Jak to usłyszałam, to odetchnęłam z ulgą. Powoli, gdy zaczęło to do mnie dochodzić coraz bardziej czułam się szczęśliwa. Już myślałam, że dziś będę musiała zabrać Rambo, aby uratować go przed śmiercią.
- Cudownie! Jak ją przekonałeś? - Pewnie gdyby to był Shino, albo Kiba, to rzuciłabym mu się na szyję dziękując. Teraz muszę się powstrzymywać, bo to Uchiha, a jego nie chcę przytulać.
- Jeśli chcesz się dowiedzieć co jej powiedziałem, to musisz się ze mną umówić. Na spotkaniu opowiem ci dokładnie. - Co on się tak uparł?
- Nie ważne co jej powiedziałeś, ważne że zadziałało. - Podałam mu lewą rękę, bo prawą miał obandażowaną. - Dziękuję. - Chyba liczył na coś więcej, bo jego uśmiech nieco zszedł z twarzy.
- Nie zasłużyłem nawet na buziaka?
- Zasłużyłeś, ale na twoim miejscu nie próbowałabym go wyegzekwować, bo Rambo zamiast cię pocałować, mógłby ci odgryźć nos.

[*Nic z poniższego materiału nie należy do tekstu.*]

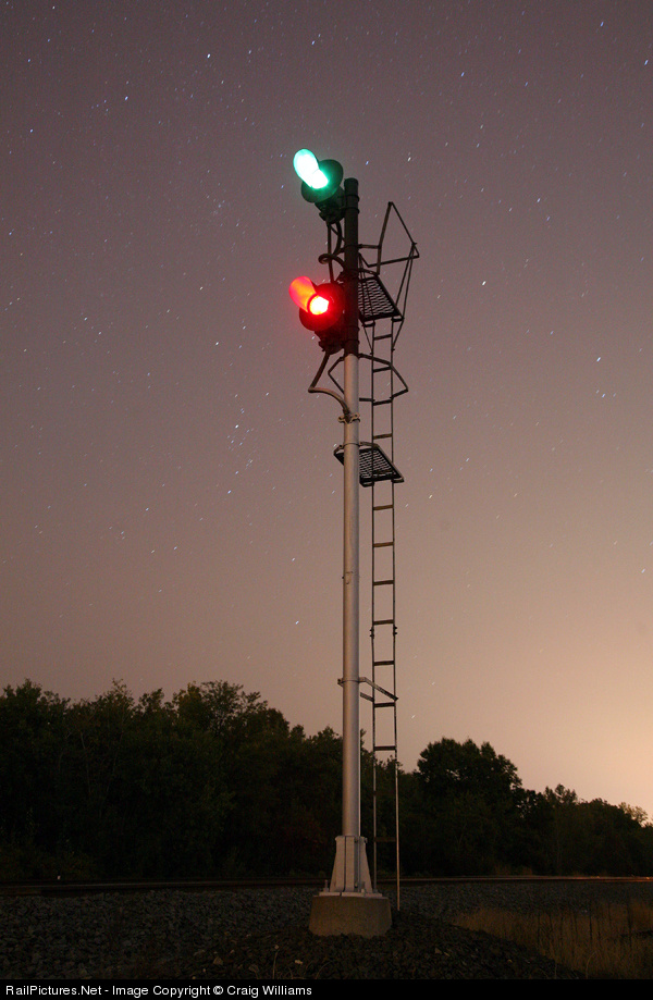 This NYC sytle signal has a high green for an eastbound NS pig train that is following Amtrak eastward tonight. This is CP 491 and is located east of Miller along hiway 12.
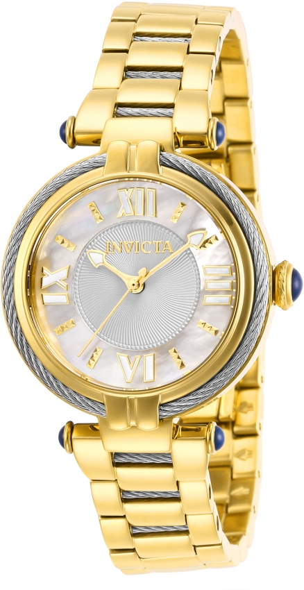 Gold-tone stainless steel case with a two-tone (silver-tone and gold-tone) stainless steel bracelet. Fixed two-tone (silver-tone and gold-tone) stainless steel bezel. White dial with gold-tone hands and Roman numeral and index hour markers. Dial Type: Analog. Luminescent hands and markers. TMI Caliber PC21J quartz movement. Scratch resistant flame fusion crystal. Pull / push crown. Solid case back. Round case shape, case size: 32 mm, case thickness: 10.2 mm. Band width: 16 mm, band length: 7 inches. Fold over clasp. Water resistant at 50 meters / 165 feet. Functions: hour, minute, second. Casual watch style. Watch label: Japan Movt. Invicta Bolt Quartz White Dial Ladies Watch 29130.

Zaśmiał się, gdy tylko to powiedziałam.
- A nie boisz się o niego, że może to ja bym go pogryzł? - Teraz zaczął się zachowywać jak Nieznajomy. Pomimo, że jeszcze przed chwilą mnie rozzłościł, to teraz czuję jak roztacza bardzo przyjemną aurę. Takiego Uchihę mogłabym polubić.
- A masz skłonności do gryzienia? - Nie chcę sobie nawet wyobrażać, jak Rambo i Itachi rzucają się na siebie ze swoimi zębami.
- Na twoim miejscu zacząłbym się o niego bać, bo podobno mam w sobie coś z piranii.
To nie było śmieszne! Czemu on to powiedział? Czy coś w ten sposób chce zasugerować? Jako Niewidzialna powiedziałam mu, że ci co grają w kosza są jak piranie. Czemu się porównał akurat do tego zwierzęcia? Czas się ewakuować. Aby nic nie dać po sobie poznać, dalej się uśmiecham.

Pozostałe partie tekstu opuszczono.